Однако все это не снимает реальной проблемы нового диалога науки с обществом — важнейшей черты постнеклассической стадии развития знания. Уже сейчас видно, что формализованная оценка результативности отечественной науки используется не только как якобы валидное основание для принятия управленческих, организационных и даже политических решений, но и как средство формирования общественного мнения в отношении науки вообще и гуманитарного знания в частности. Такое отношение в период прохождения закона о реформе академической науки формировалось как заведомо негативное. Предвзятость здесь была так же очевидна, как и слабая осведомленность в самих основах научной библиометрии. Но в то же время здесь обозначился явный дефицит готового контента, который российская наука могла бы оперативно представить обществу как альтернативный материал, демонстрирующий ее реальное состояние, достижения, перспективы и востребованность — в настоящем и будущем. Выяснилось, что если наука не занимается выстраиванием такого диалога с обществом и властью, она рано или поздно все равно оказывается перед необходимостью защиты себя, но уже не как защиты проекта или диссертации, а как защиты от внешнего нападения. При этом всегда оказывается, что выстраивание альтернативной точки зрения на состояние и перспективы науки элементарно опаздывает и нередко превращается в размахивание руками после драки.
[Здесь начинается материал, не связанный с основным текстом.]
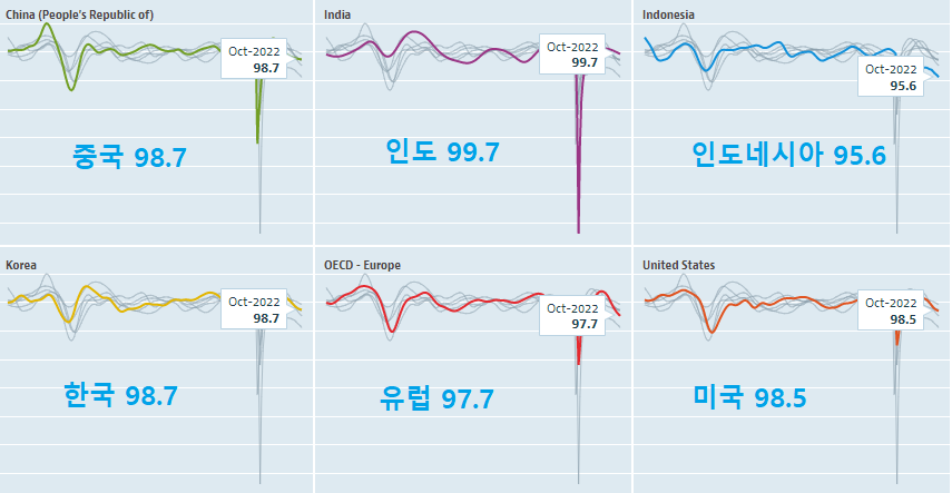 또 아래 사진은 OECD 자료로 경기선행 지수 입니다. 100을 기준으로 모두 100이하 입니다. 100이하는 경기가 하락 한다는 것입니다. 그중에 인도는 99.7로 가장 낮은 수치 입니다.
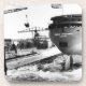 Lanzamiento del Edmund Fitzgerald 6-8-1958. SS Edmund Fitzgerald (apodado "Mighty Fitz", "The Fitz" o "The Big Fitz") era un carguero estadounidense de los Grandes Lagos lanzado el 8 de junio de 1958. Más de 15.000 personas asistieron al lanzamiento del Fitzgerald. El evento fue problemático. Cuando la Sra. Edmund Fitzgerald bautizó el barco destrozando una botella de champán sobre la proa, le tomó tres balancines romper la botella. El lanzamiento se retrasó 36 minutos mientras la tripulación del astillero luchaba por liberar los bloques de quilla. Al lanzarse a los lados del agua, el barco se estrelló violentamente en un muelle. Aunque había informado de tener algunas dificultades durante una espigón en el lago Superior, el Fitzgerald se hundió repentinamente el 10 de noviembre de 1975 en 150 metros de agua sin enviar ninguna señal de peligro. La causa precisa de su hundimiento sigue siendo un misterio. Los 29 a bordo se perdieron.

Как бы там ни было, часто именно внешние атаки заставляют научное сообщество в спешном порядке компенсировать дефицит адекватной и хорошо репрезентированной самооценки. Классический пример здесь — история с «Философским домом» — зданием Института философии РАН (Волхонка, 14), на которое два десятилетия претендовал находящийся по соседству Государственный музей изобразительных искусств им. А.С. Пушкина. Когда угроза стала реальной, Институтом была собрана огромная по объему, почти исчерпывающая и более чем авторитетная информация о достижениях отечественной философии в лице ИФ РАН, а также о мировом статусе этой исследовательской организации, об отношении к ней и к ее работе со стороны мировой философской и социогуманитарной научной общественности. Это позитивное отношение, в частности, было выражено такими предельно авторитетными именами и исследовательскими центрами, что может рассматриваться в качестве своего рода международного аудита научной деятельности Института философии РАН. В сравнении с весом такого «аудита» все статистические выкладки библиометрии, к тому же основанной на ущербной и некорректной статистике, оказываются избыточными и создающими заведомо ложную картину[1].
При этом в любом случае надо учитывать, что сколь угодно полная и точная статистика публикаций, индексов цитирования и пр. не дает автоматической и формально исчислимой оценки, а лишь создает один из образов положения дел. С этой точки зрения переписка такого рода (подобная упомянутой выше) всегда дает другую составляющую образа интегральной оценки, причем гораздо более точную, существенную и весомую. Одно дело, когда оценку дают мировые авторитеты, а другое, когда это делает функционер на основе сомнительной статистики и с некорректным использование методик, не говоря о методологии.
Но как бы там ни было, в целом приходится констатировать, что наше научное сообщество далеко не в полной мере оказалось отмобилизованным для отражения обвинений в слабой результативности большинства исследований. Кроме того, в нужный момент не оказалось модели оценки результативности, которая была бы альтернативной грубым формализациям и вместе с тем основывалась бы на методологии, более объективной и приемлемой для самого научного сообщества.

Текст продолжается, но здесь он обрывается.